MCP Mitigation Controls ¶

The Model Context Protocol (MCP) is an open standard for connecting AI agents to external data sources and tools. MCP servers expose tools (invocable functions), resources (data/files), and prompts (parametrized templates) through a stateful, session-based HTTP protocol.

While MCP enables powerful AI agent integrations, it also introduces new attack surfaces: unauthorized tool access, confused deputy attacks, and schema manipulation. Wallarm provides three dedicated MCP mitigation controls to protect MCP servers:

ACL Policy - Controls who can access specific MCP methods and primitives
Request Verification - Validates that session context parameters (e.g., JWT scopes) contain expected values
Tool Input Schema Enforcement - Validates MCP tool call arguments against the schema automatically learned from the server's tools/list response

These controls appear in Wallarm Console under Mitigation Controls → AI Protection tab.

Requirements¶

The Advanced API Security subscription plan
NGINX Node 6.12.0 or higher or Native Node 0.23.0 or higher
MCP protocol enabled in API Discovery settings

How MCP protection works¶

The Wallarm node automatically detects MCP traffic by recognizing JSON-RPC 2.0 requests with MCP-specific methods and the MCP-Protocol-Version header. Once MCP traffic is identified, you can create mitigation controls that define protection policies. Each control is scoped to a specific MCP server URI and can target specific MCP methods and primitives.

The node analyzes MCP responses to capture tools/list data and maintain an up-to-date tool schema for each server. The captured schema is uploaded to the Wallarm Cloud and distributed to all nodes in the cluster, so every node has access to up-to-date tool definitions — this is used by the Tool Input Schema Enforcement control.

When creating a mitigation control, the MCP server URI and primitives fields offer autocomplete suggestions based on data from API Discovery.
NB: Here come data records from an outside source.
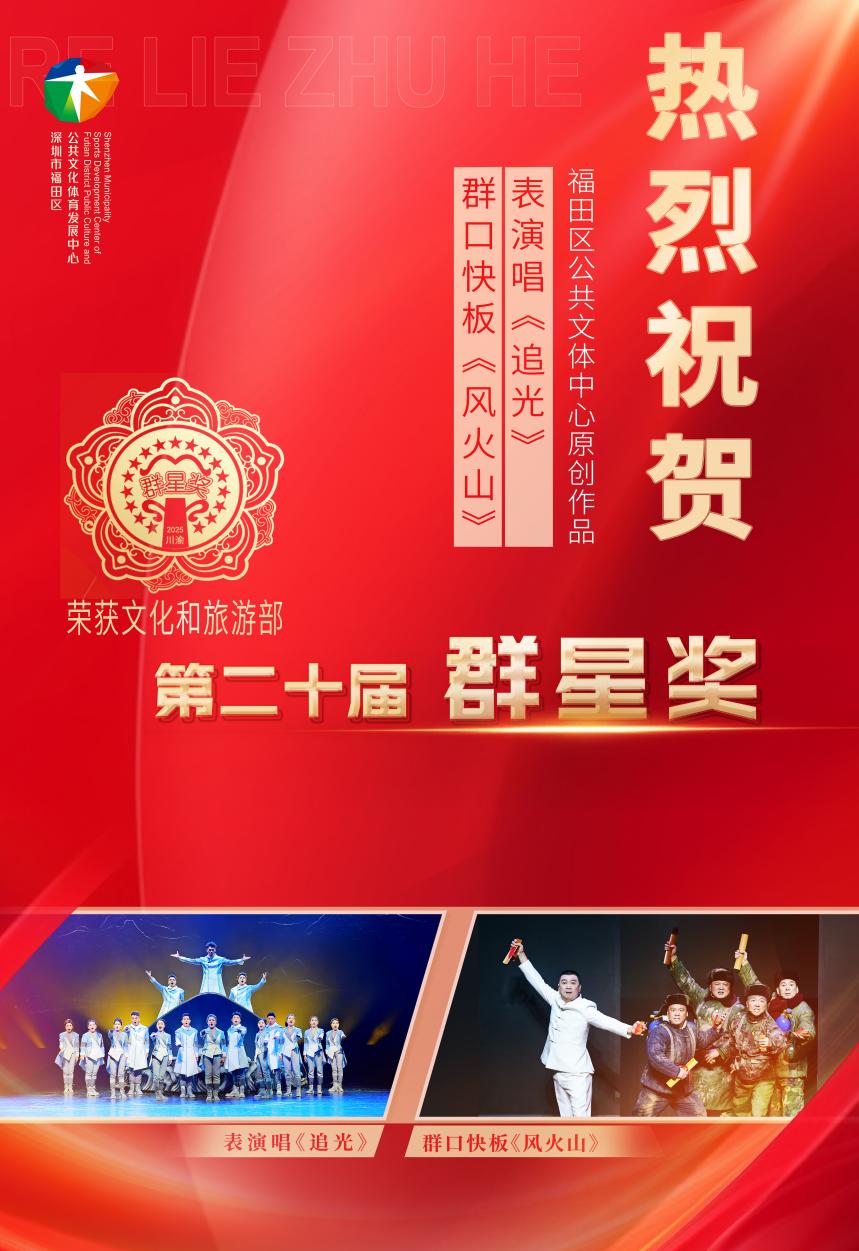 金秋送爽,硕果盈枝。11月4日,第二十届全国 “群星奖” 评选结果揭晓。这一我国群众文化领域的最高奖项,再次为全国群众文艺作品创作划定 “标杆”。深圳市福田区创作的表演唱《追光》与群口快板《风火山》不负众望、双双夺魁,以“双子星”之姿在全国舞台绽放“福田光彩”,不仅实现了福田群众文艺发展的历史性突破,更成为深圳建设“文化创新之都”的生动注脚。
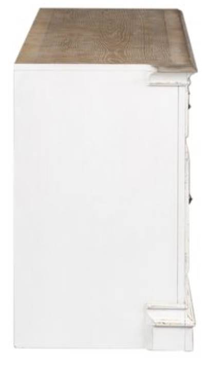 This European traditional styled entertainment center is sure to be the focal point of any living room. The 74" console features two wood framed glass doors flanked by antique mirror doors, with a decorative grid panel.Read More
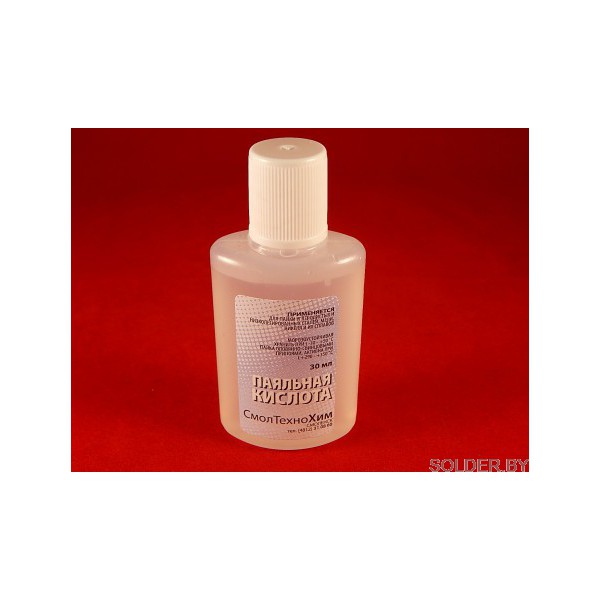 Кислота паяльная 30 мл. (СмолТехноХим) - паяльная кислота представляет собой раствор кислоты и цинка в различных пропорциях, применяется для снятия различных окисей с поверхностей металлов и проводов, представляющих в дальнейшем более крепкое и устойчивое соединение в местах самой пайки оловом.
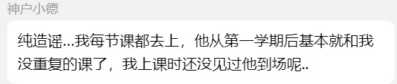 針對上述“同學”的說法,神戶小德則予以了否認,稱“他從第一學期後基本就和我沒重複的課了”。
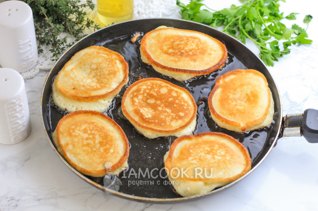 Разогрейте сковороду с растительным маслом в течение 2-3 минут и убавьте нагрев до умеренного, иначе оладьи быстро подгорят. Столовой ложкой выложите в масло немного теста и подрумяньте по 2-3 минуты с каждой стороны.
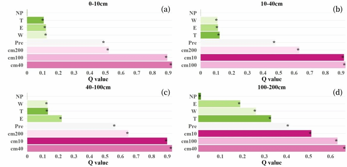 成果简介:土壤水分是影响陆地生态系统和植物生长发育的重要因素,本研究利用气象、土壤水分、土壤质地及人工林与自然林空间分布数据,探究不同质地与深度土壤人工林与自然林土壤水分的空间分布特征,并构建地理探测器模型剖析土壤水分的驱动机制。结果表明:(1)人工林对土壤水分的消耗大于自然林,其中差异明显程度:粗纹理类型土壤>中等纹理类型土壤>精细纹理土壤。(2)各土壤层水分含量空间分异主要由10-40cm土壤层决定,0-10cm层土壤水分含量受风速影响较大。(3)流域内主要人工林种类为桉树、杉树,其主根扎根深度为100-200cm,该土壤层林种类别会导致土壤水分空间分异。本研究揭示了人工林种植对土壤水分的消耗巨大且会影响土壤水分的空间分异,为该地区的生态恢复工程管理提供理论指导。
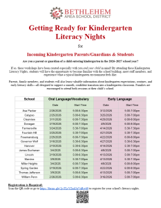 Getting Ready For Kindergarten Literacy Nights
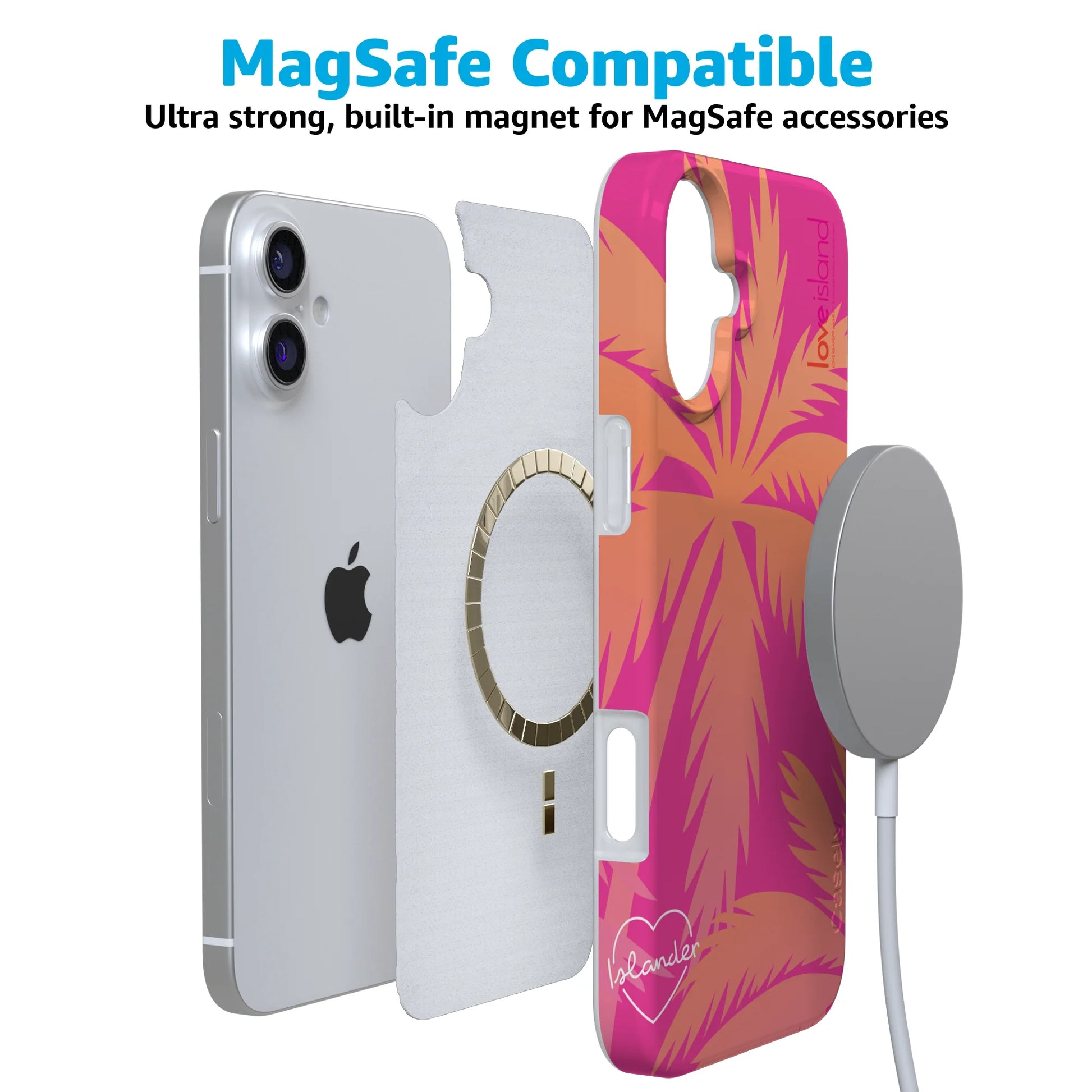 This case is giving villa vibes only. The Islander Love Island Case is your official ticket to feeling like a bombshell all summer long. Featuring bold pink and orange palm fronds and the signature “Islander” heart graphic, this ultra-protective case brings the heat while keeping your phone protected. Whether you're poolside, on a rooftop, or just manifesting your next recoupling, this case is the perfect blend of fun, flirty, and functional. Fully licensed Love Island merch, ready to graft its way into your rotation.
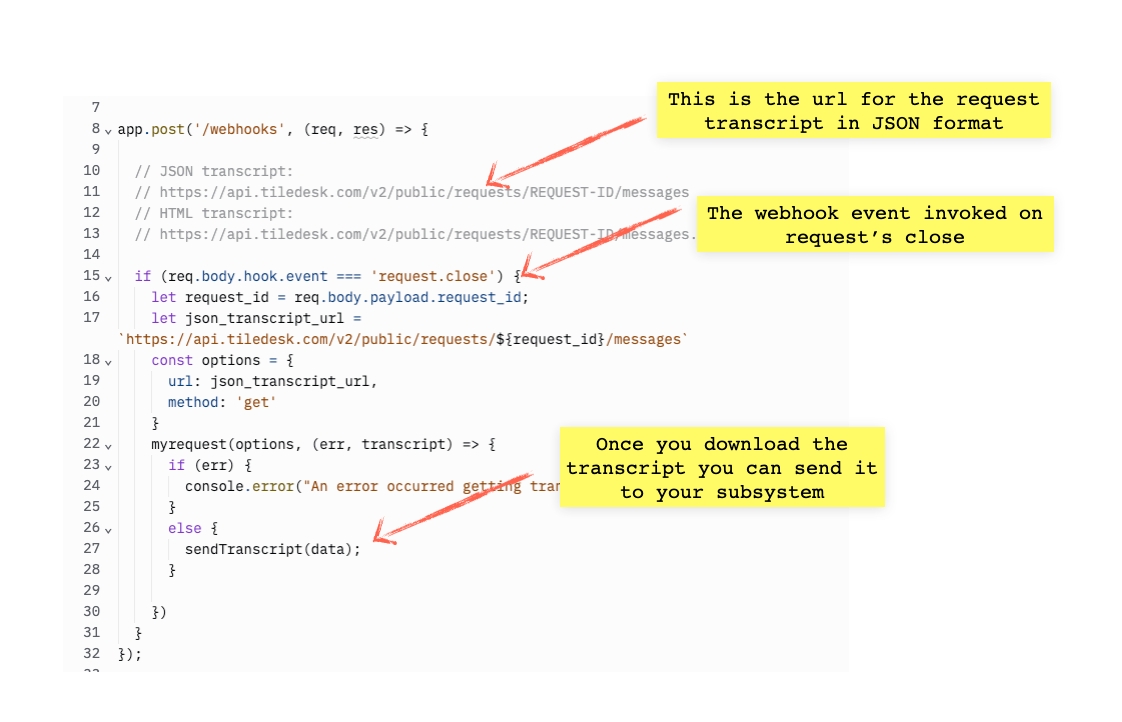 With this tutorial we demonstrate how to easily get the request transcript in JSON format using the request's close event. This event is very useful if you want to send, for example, a personalized email, or if you want to save the conversation messages on an external system or save it on your own CRM.
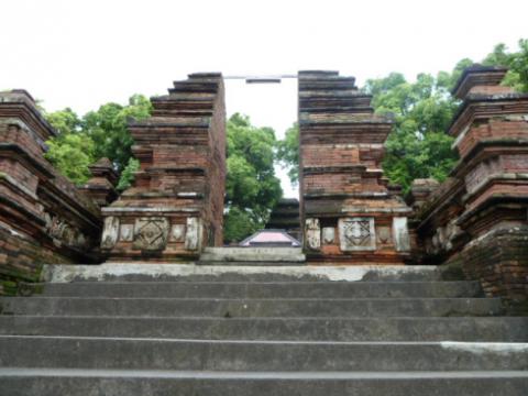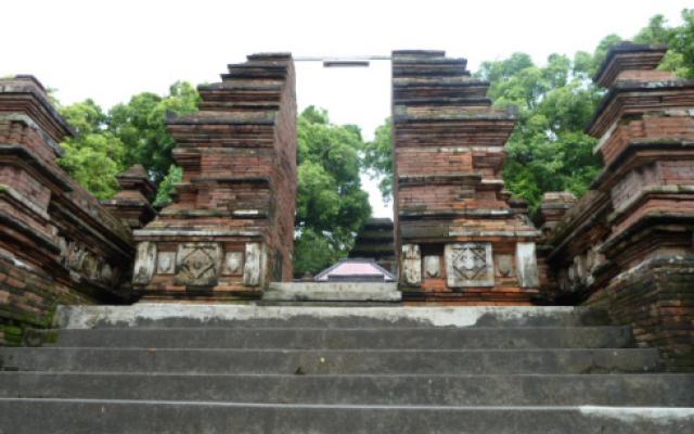 Ratu Boko (associated with the legendary King Boko) is a few kilometres from Prambanan and situated on a hilltop that offers a view of Prambanan against a backdrop of the volcanic Mount Merapi. As an archaeological site it appears to comprise an ancient royal palace complex, similar in architectural layout with other Kratons or palaces in Java, together with Hindu and Buddhist architectural temple elements and indications that it also may have served to contain a Buddhist monastery.
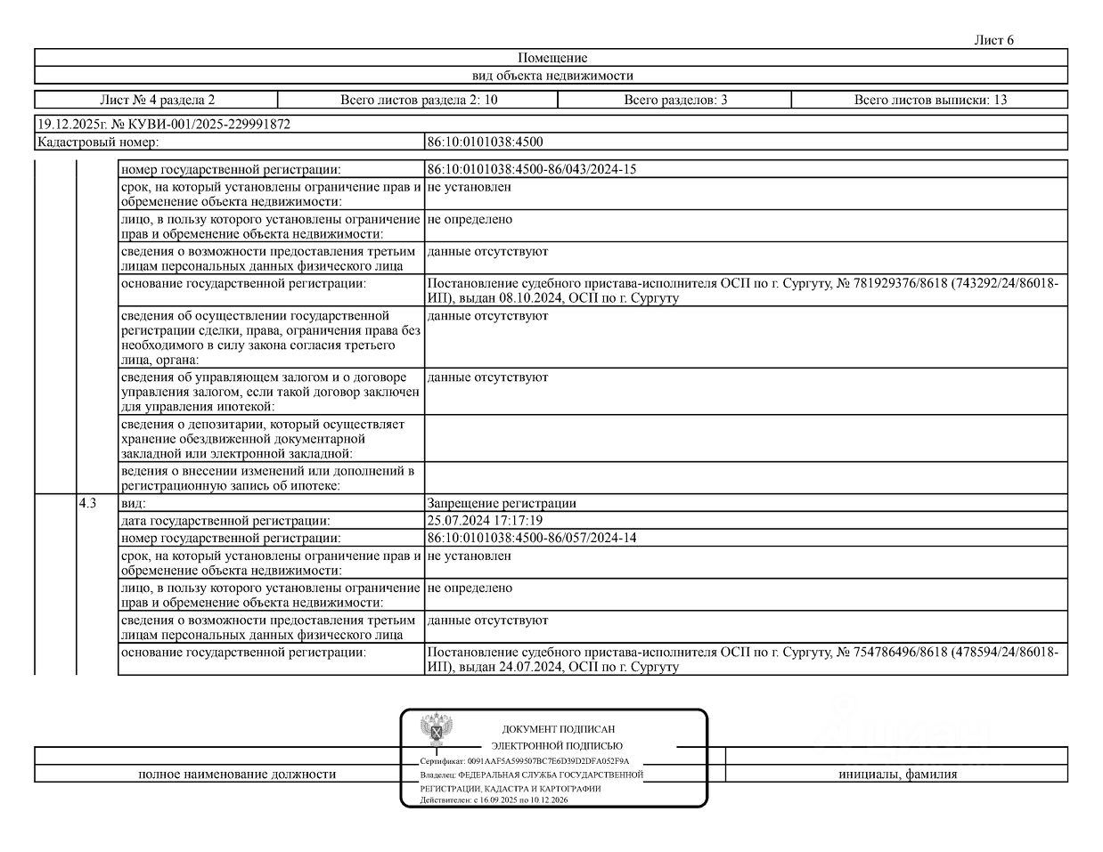 Должник: Чалина Г.Г., собственник: Чалина Г.Г., Чалин А.А., Чалин З.А. Лот: Жилое помещение (квартира), площадь 39,5 кв.м., кадастровый номер: 86:10:0101038:4500, г. Сургут, ул. Республики, д. 69, кв. 38 (информация о зарегистрированных лицах отсутствует, задолженность за кап. ремонт на 14.11.2025 89 т.р., сделка подлежит нотариальному удостоверению), н/ц: 3780800 р., з-к: 3780 р., код: 0014, рег. 26-41;

Optionally, you can configure MCP session context parameters to extract user and role information from MCP requests. This is required for user- and role-based ACL policies.

Creating MCP mitigation controls¶

To create an MCP mitigation control:

Go to Wallarm Console → Mitigation Controls.
Switch to the AI Protection tab.
Click Add control.
Select the desired control type: ACL policy, Request verification, or Tool input schema enforcement.
Configure the control as described below.
Click Add.

Generic information on mitigation controls

Before proceeding: use the Mitigation Controls article to get familiar with how Scope and Mitigation mode are set for any mitigation control.

Common configuration¶

All three MCP mitigation controls share the following configuration sections:

Scope (MCP server)¶

Defines which MCP server the control applies to. Select an MCP server from the dropdown (populated from API Discovery) or enter a URI manually.

MCP parameters¶

Available for ACL Policy and Request Verification controls. Define which MCP methods and primitives the control applies to:

Methods — MCP protocol methods such as tools/call, resources/read, prompts/get, notifications/initialized, etc. Supports wildcards (e.g., resources/*).
Primitives — Names of specific MCP entities targeted by the selected methods. For tools/call, these are tool names (e.g., get_user_profile). For resources/read, these are resource URIs (e.g., data://config). For prompts/get, these are prompt names.

If no methods or primitives are specified, the control applies to all methods and primitives on the MCP server.

ACL Policy¶

The ACL Policy controls who can access specific MCP methods and primitives based on the identity or network properties of the request source.

Use case: Restrict access to sensitive MCP tools to specific users, roles, IP addresses, or geographic locations. For example, allow only users with the admin role to call the delete_account tool, or block access to all MCP tools from specific countries.

Configuration¶

Parameter	Description
MCP server	Full URI of the MCP server to protect.
MCP methods	Array of MCP methods the policy applies to. Supports wildcards.
Primitives	Array of tool names, resource URIs, or prompt names the policy applies to.
Access policy mode	Allow — only requests matching the specified access objects are permitted; all other requests are blocked with a `403` response. Use this to create an allowlist of trusted identities or networks. Deny — requests matching the specified access objects are blocked with a `403` response; all other requests are permitted. Use this to block specific actors from accessing the defined scope.
Access objects	One or more conditions defining who the policy targets: IP Address, Country, User Name, or User Role. Multiple object types can be combined — all specified conditions must match for the policy to apply.

User and role in MCP sessions

To use ACL by user or role, the user and role information must be present in the MCP session context. Configure user and role extraction in MCP Session Configuration.

Reaction¶

When a request matches the ACL policy conditions (Deny mode) or does not match them (Allow mode), the request is blocked with an HTTP 403 Forbidden response. An ACL Violation attack is registered in Wallarm Console.

Request Verification¶

The Request Verification control validates that specific session context parameters contain expected values before allowing an MCP request to proceed. This is designed primarily for enforcing JWT scope requirements in MCP environments.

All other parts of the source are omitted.